Test zasilacza be quiet! Dark Power Pro P9 750W

Zasilacz przyjechał do nas w ogromnym (ponad 40cm długości), czarnym pudełku na froncie, którego znajduje się tajemnicze zdjęcie Dark Power Pro P9. Dzięki tak pokaźnym rozmiarom producent miał sporo miejsca do umieszczenia dokładnych informacji o produkcie – znajdziemy je na tylnej ściance opakowania oraz możemy oczekiwać, że również wyposażenie będzie całkiem bogate. Dodajmy, że producent na szczycie pudełka umieścił wygodną rączkę, która okazuje się przydatna (pewnie tylko raz) do przyniesienia pudełka ze sklepu. Jednak właśnie takie drobiazgi charakteryzują firmy, które dbają o klienta na każdej płaszczyźnie.
W środku wszystko zostało ułożone z dużym naciskiem na bezpieczeństwo w czasie transportu. Zasilacz jest otulony pianką, natomiast dodatkowe akcesoria znajdują się w oddzielnych kartonikach.

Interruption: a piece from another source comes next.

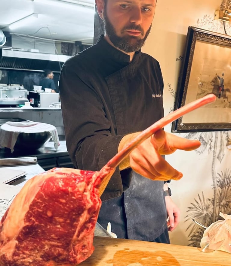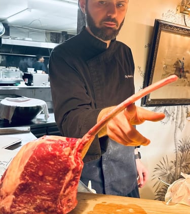 Parmi les incontournables : nos pâtes flambées dans la meule de parmesan directement en salle, le tartare de bœuf monté sous vos yeux, ou encore notre sôle meunière, découpé devant vous. En parralèle, l’ardoise met en valeur chaque jour des produits de saison : poêlée de calamars, pata negra, risotto de homard, filet de bœuf charolais...

Oprócz samej jednostki znajdziemy również modularne okablowanie, kabel zasilający, cztery śruby mocujące, sześć opasek zaciskowych, siedem opasek jednorazowych oraz overclocking key.
Parametr | Dane |
---|---|
Moc znamionowa | 750 W |
Moc szczytowa 500 ms | 850 W |
Specjalna technologia | LLC, DC/DC |
Napiecie (V) | 100 - 240 |
Czestotliwosc (Hz) | 50 - 60 |
Prąd wejściowy | 9 - 4,5 |
PFC aktywne | tak |
Kompatybilnosc z Intel C6 | tak |
Pobór mocy w stanie spoczynku | < 0,2 |
Czas pracy (godz. / 25°C) | 100.000 |
Temperatura pracy (°C) | 0 - 40 |
Linie zasilania | 12V4 |
Pojedyncza linia 12V | tak |
Przełącznik "overclocking" | tak |
+3.3V (A) | 24 |
+5V (A) | 30 |
+12V1 (A) | 20 |
+12V2 (A) | 20 |
+12V3 (A) | 25 |
+12V4 (A) | 25 |
-12V (A) | 0.5 |
+5Vsb (A) | 3 |
Max. pobór pradu 12V (A) | 61 |
Max. pobór mocy 12V (W) | 732 |
Max. pobór mocy 3,3V + 5V (W) | 150 |
Hold-up time (ms) | 33 |
Modularny system kabli | tak |
Dodatkowe kable | tak |
Dlugosc kabla do mainboard | 60 cm |
Dlugosc kabla do pierwszej wtyczki | 60 cm |
Max dlugosc kabla | 115 cm |
Kable all-in-one (SATA/IDE/FDD) | tak |
Ilość kabli | 19 |
ATX-Mainboard (20+4 pin) | 1 |
P8 (8 pin) (CPU) | 1 |
P8 (4+4 pin) (CPU) | 1 |
P4 (4 pin) (CPU) | 0 |
PCI-E 6 pin (GPU) | 2 |
PCI-E 6+2 pin (GPU) | 2 |
IDE 4-pin (HDD, Drives) | 8 |
SATA 5-pin(HDD, Drives) | 9 |
FDD (Floppy) | 2 |
Wtyczka od Mainboard | 1 |
Opcjonalny wentylator zewnętrzny | 4 |
Po wyjęciu Dark Power Pro P9 z pudełka od razu w oczy rzucają się ponadprzeciętne gabaryty urządzenia. Jego długość to dokładnie 200 mm, natomiast inne zasilacze tej mocy mają przeważnie pomiędzy 160, a 180 mm. Szerokość i wysokość należą jednak do standardowych wielkości, kolejno: 150 i 86 mm.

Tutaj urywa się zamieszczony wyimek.